What makes this situation particularly desperate is that Trump has systematically shut down every legal immigration pathway for Cubans:

  • December 2025: canceled the family reunification program that had benefited Cubans since 2007
  • January 2026: froze visa processing for 65 countries, including Cuba
  • Humanitarian Parole and CBP One: eliminated
  • Cuban Adjustment Act: suspended the right to apply for permanent residency after one year and one day, and citizenship after five years

Meanwhile, Nicaragua closed the migration route that hundreds of thousands of Cubans had used since 2021 to reach the US southern border.

Life in Limbo

Michel didn’t stay in Cuba. In January 2026 he traveled to Mexico, where he now lives in Ciudad Juárez, on the border with Texas. His wife Jennifer, a Mexican woman naturalized as a US citizen whom he married in 2025, is looking for work as a nursing assistant in Texas.

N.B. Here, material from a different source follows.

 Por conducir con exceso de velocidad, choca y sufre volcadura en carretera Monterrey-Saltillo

The provisional plan: she works in the US, he lives in Mexico. “Like that, until we see whether this man finishes his presidency or something happens,” Michel writes.

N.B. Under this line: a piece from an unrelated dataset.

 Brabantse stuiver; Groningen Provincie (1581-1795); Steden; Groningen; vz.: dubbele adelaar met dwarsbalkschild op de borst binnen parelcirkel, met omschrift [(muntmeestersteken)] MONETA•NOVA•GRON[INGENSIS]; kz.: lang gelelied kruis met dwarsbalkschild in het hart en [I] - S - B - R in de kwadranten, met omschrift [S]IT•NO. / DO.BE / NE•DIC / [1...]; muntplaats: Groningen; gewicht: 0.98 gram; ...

Did he consider staying in Cuba? “Not a chance,” he replies without hesitation. “After living abroad I couldn’t adapt. It’s very hard to return to blackouts, the heat, and the mosquitoes. Even with money you’re not safe. Who can guarantee you won’t get chikungunya?”

A Drama Just Beginning

With the energy crisis deepening and Trump’s pressure on Cuba intensifying — now with regime change in his sights — the situation for deported Cubans grows even more precarious.

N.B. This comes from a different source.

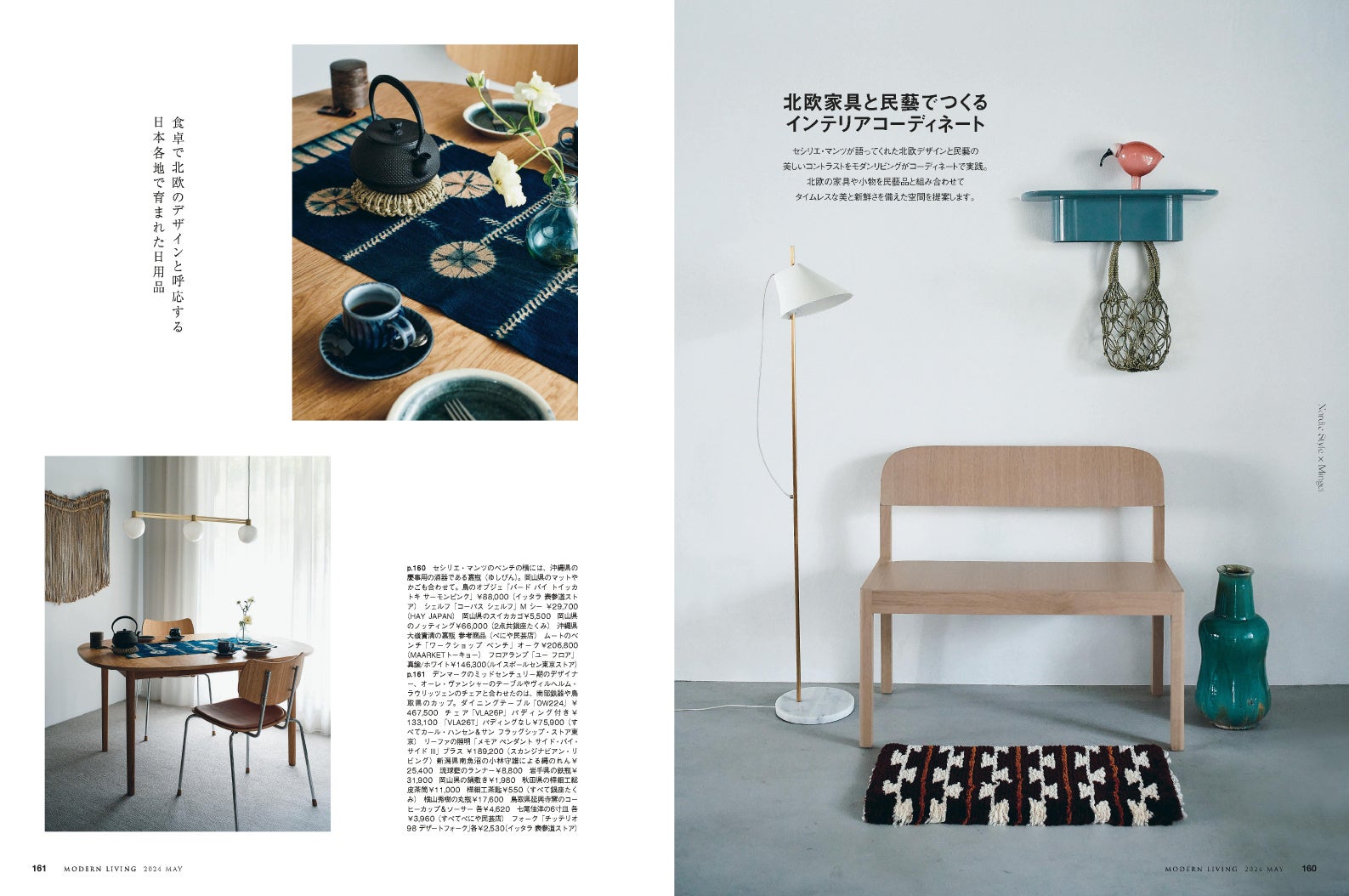 北欧デザインと民藝の美しいコントラストをモダンリビングがコーディネートで実践。北欧の家具や小物を民藝品と組み合わせてタイムレスな美と新鮮さを備えた空間を提案します。

They return to a country where 64% of the population suffers blackouts, where the dollar exceeds 500 pesos on the informal market, and where options for legal re-emigration are virtually nonexistent.

Michel’s drama is not unique. It’s the story of thousands of Cubans trapped between a country that doesn’t want them and one they don’t want to return to.

Frequently Asked Questions

How many Cubans has Trump deported in his second term?
During the first year of his second term, Trump ordered 1,669 deportations to Cuba — double the annual average of his first administration and 300 more than Biden executed in 2024.
What happens to deported Cubans when they arrive in Cuba?
Upon landing, they receive a medical check and interview at the airport. They are then separated by province and transported by bus. Many have no home of their own and depend on relatives for shelter.
Can deported Cubans legally return to the US?
Currently, legal pathways are virtually closed. Trump canceled family reunification, froze visa processing for Cuba, eliminated Humanitarian Parole and CBP One, and suspended the right to permanent residency under the Cuban Adjustment Act.
Have Cubans been deported to third countries?
Yes, hundreds were sent to Mexico, and extreme cases include deportations to Eswatini and South Sudan — African nations where Cuba doesn't even have a consulate.